» YOUR TASK
Restate the records exactly. Include all of them.

» DATA PROVIDED
════
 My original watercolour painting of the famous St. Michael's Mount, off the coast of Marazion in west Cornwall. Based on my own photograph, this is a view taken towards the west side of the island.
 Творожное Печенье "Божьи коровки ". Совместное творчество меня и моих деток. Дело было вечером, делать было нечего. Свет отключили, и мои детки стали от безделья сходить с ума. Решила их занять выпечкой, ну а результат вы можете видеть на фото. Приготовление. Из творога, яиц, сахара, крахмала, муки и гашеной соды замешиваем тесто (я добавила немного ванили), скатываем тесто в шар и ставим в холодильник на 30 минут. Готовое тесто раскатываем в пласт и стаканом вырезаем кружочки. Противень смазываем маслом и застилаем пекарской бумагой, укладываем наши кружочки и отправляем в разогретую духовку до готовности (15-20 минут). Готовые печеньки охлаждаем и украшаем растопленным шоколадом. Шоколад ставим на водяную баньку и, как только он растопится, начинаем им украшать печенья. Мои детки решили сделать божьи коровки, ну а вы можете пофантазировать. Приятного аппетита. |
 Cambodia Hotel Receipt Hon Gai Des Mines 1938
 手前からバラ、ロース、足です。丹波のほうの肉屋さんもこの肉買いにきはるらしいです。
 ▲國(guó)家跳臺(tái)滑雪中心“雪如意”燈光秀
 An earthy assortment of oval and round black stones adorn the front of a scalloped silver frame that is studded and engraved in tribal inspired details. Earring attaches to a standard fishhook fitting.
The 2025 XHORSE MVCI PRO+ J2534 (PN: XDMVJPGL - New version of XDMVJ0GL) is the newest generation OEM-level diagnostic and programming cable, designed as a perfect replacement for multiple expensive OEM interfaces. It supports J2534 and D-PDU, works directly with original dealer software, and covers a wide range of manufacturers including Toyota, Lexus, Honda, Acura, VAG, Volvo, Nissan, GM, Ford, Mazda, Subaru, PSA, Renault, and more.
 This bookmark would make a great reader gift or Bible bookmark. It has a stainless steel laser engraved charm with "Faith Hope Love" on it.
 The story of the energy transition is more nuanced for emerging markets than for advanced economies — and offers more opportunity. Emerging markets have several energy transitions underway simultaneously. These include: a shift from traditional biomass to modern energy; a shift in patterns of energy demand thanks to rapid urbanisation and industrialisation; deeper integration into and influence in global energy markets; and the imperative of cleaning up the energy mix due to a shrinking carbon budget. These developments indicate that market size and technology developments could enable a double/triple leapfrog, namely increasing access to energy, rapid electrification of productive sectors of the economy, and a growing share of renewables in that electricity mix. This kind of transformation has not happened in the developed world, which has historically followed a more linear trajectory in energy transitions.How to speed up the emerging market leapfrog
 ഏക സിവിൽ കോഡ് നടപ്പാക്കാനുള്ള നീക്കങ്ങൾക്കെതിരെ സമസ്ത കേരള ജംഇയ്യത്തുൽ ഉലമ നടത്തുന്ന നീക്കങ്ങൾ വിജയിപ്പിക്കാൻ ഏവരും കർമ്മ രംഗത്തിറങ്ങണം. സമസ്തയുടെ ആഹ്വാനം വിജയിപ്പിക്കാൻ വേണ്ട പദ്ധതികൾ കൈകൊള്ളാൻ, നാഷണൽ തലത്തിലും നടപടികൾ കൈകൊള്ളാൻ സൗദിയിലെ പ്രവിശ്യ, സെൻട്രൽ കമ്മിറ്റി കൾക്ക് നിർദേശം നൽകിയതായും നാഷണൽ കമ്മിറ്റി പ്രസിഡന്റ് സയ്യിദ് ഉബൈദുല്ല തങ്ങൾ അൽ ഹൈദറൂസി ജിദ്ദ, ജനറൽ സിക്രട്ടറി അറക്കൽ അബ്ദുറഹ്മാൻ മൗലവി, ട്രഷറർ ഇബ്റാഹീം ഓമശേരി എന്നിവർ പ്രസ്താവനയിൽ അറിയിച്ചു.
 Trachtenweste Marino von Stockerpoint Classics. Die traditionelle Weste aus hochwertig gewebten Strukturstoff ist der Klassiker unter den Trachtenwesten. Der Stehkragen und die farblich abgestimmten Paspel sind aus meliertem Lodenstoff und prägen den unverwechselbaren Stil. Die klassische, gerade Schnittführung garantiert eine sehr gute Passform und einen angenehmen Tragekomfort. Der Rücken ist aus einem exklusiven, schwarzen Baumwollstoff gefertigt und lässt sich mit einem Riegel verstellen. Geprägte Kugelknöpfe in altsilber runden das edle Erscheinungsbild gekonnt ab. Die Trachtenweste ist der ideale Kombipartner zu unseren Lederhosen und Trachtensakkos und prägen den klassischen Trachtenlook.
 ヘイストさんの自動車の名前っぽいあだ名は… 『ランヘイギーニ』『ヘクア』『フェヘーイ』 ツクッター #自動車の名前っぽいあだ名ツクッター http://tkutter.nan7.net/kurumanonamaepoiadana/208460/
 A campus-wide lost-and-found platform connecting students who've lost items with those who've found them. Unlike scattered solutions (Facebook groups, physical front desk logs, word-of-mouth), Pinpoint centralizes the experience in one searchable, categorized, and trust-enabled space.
════
» TASK SOLUTION
 My original watercolour painting of the famous St. Michael's Mount, off the coast of Marazion in west Cornwall. Based on my own photograph, this is a view taken towards the west side of the island.
 Творожное Печенье "Божьи коровки ". Совместное творчество меня и моих деток. Дело было вечером, делать было нечего. Свет отключили, и мои детки стали от безделья сходить с ума. Решила их занять выпечкой, ну а результат вы можете видеть на фото. Приготовление. Из творога, яиц, сахара, крахмала, муки и гашеной соды замешиваем тесто (я добавила немного ванили), скатываем тесто в шар и ставим в холодильник на 30 минут. Готовое тесто раскатываем в пласт и стаканом вырезаем кружочки. Противень смазываем маслом и застилаем пекарской бумагой, укладываем наши кружочки и отправляем в разогретую духовку до готовности (15-20 минут). Готовые печеньки охлаждаем и украшаем растопленным шоколадом. Шоколад ставим на водяную баньку и, как только он растопится, начинаем им украшать печенья. Мои детки решили сделать божьи коровки, ну а вы можете пофантазировать. Приятного аппетита. |
 Cambodia Hotel Receipt Hon Gai Des Mines 1938
 手前からバラ、ロース、足です。丹波のほうの肉屋さんもこの肉買いにきはるらしいです。
 ▲國(guó)家跳臺(tái)滑雪中心“雪如意”燈光秀
 An earthy assortment of oval and round black stones adorn the front of a scalloped silver frame that is studded and engraved in tribal inspired details. Earring attaches to a standard fishhook fitting.
The 2025 XHORSE MVCI PRO+ J2534 (PN: XDMVJPGL - New version of XDMVJ0GL) is the newest generation OEM-level diagnostic and programming cable, designed as a perfect replacement for multiple expensive OEM interfaces. It supports J2534 and D-PDU, works directly with original dealer software, and covers a wide range of manufacturers including Toyota, Lexus, Honda, Acura, VAG, Volvo, Nissan, GM, Ford, Mazda, Subaru, PSA, Renault, and more.
 This bookmark would make a great reader gift or Bible bookmark. It has a stainless steel laser engraved charm with "Faith Hope Love" on it.
 The story of the energy transition is more nuanced for emerging markets than for advanced economies — and offers more opportunity. Emerging markets have several energy transitions underway simultaneously. These include: a shift from traditional biomass to modern energy; a shift in patterns of energy demand thanks to rapid urbanisation and industrialisation; deeper integration into and influence in global energy markets; and the imperative of cleaning up the energy mix due to a shrinking carbon budget. These developments indicate that market size and technology developments could enable a double/triple leapfrog, namely increasing access to energy, rapid electrification of productive sectors of the economy, and a growing share of renewables in that electricity mix. This kind of transformation has not happened in the developed world, which has historically followed a more linear trajectory in energy transitions.How to speed up the emerging market leapfrog
 ഏക സിവിൽ കോഡ് നടപ്പാക്കാനുള്ള നീക്കങ്ങൾക്കെതിരെ സമസ്ത കേരള ജംഇയ്യത്തുൽ ഉലമ നടത്തുന്ന നീക്കങ്ങൾ വിജയിപ്പിക്കാൻ ഏവരും കർമ്മ രംഗത്തിറങ്ങണം. സമസ്തയുടെ ആഹ്വാനം വിജയിപ്പിക്കാൻ വേണ്ട പദ്ധതികൾ കൈകൊള്ളാൻ, നാഷണൽ തലത്തിലും നടപടികൾ കൈകൊള്ളാൻ സൗദിയിലെ പ്രവിശ്യ, സെൻട്രൽ കമ്മിറ്റി കൾക്ക് നിർദേശം നൽകിയതായും നാഷണൽ കമ്മിറ്റി പ്രസിഡന്റ് സയ്യിദ് ഉബൈദുല്ല തങ്ങൾ അൽ ഹൈദറൂസി ജിദ്ദ, ജനറൽ സിക്രട്ടറി അറക്കൽ അബ്ദുറഹ്മാൻ മൗലവി, ട്രഷറർ ഇബ്റാഹീം ഓമശേരി എന്നിവർ പ്രസ്താവനയിൽ അറിയിച്ചു.
 Trachtenweste Marino von Stockerpoint Classics. Die traditionelle Weste aus hochwertig gewebten Strukturstoff ist der Klassiker unter den Trachtenwesten. Der Stehkragen und die farblich abgestimmten Paspel sind aus meliertem Lodenstoff und prägen den unverwechselbaren Stil. Die klassische, gerade Schnittführung garantiert eine sehr gute Passform und einen angenehmen Tragekomfort. Der Rücken ist aus einem exklusiven, schwarzen Baumwollstoff gefertigt und lässt sich mit einem Riegel verstellen. Geprägte Kugelknöpfe in altsilber runden das edle Erscheinungsbild gekonnt ab. Die Trachtenweste ist der ideale Kombipartner zu unseren Lederhosen und Trachtensakkos und prägen den klassischen Trachtenlook.
 ヘイストさんの自動車の名前っぽいあだ名は… 『ランヘイギーニ』『ヘクア』『フェヘーイ』 ツクッター #自動車の名前っぽいあだ名ツクッター http://tkutter.nan7.net/kurumanonamaepoiadana/208460/
 A campus-wide lost-and-found platform connecting students who've lost items with those who've found them. Unlike scattered solutions (Facebook groups, physical front desk logs, word-of-mouth), Pinpoint centralizes the experience in one searchable, categorized, and trust-enabled space.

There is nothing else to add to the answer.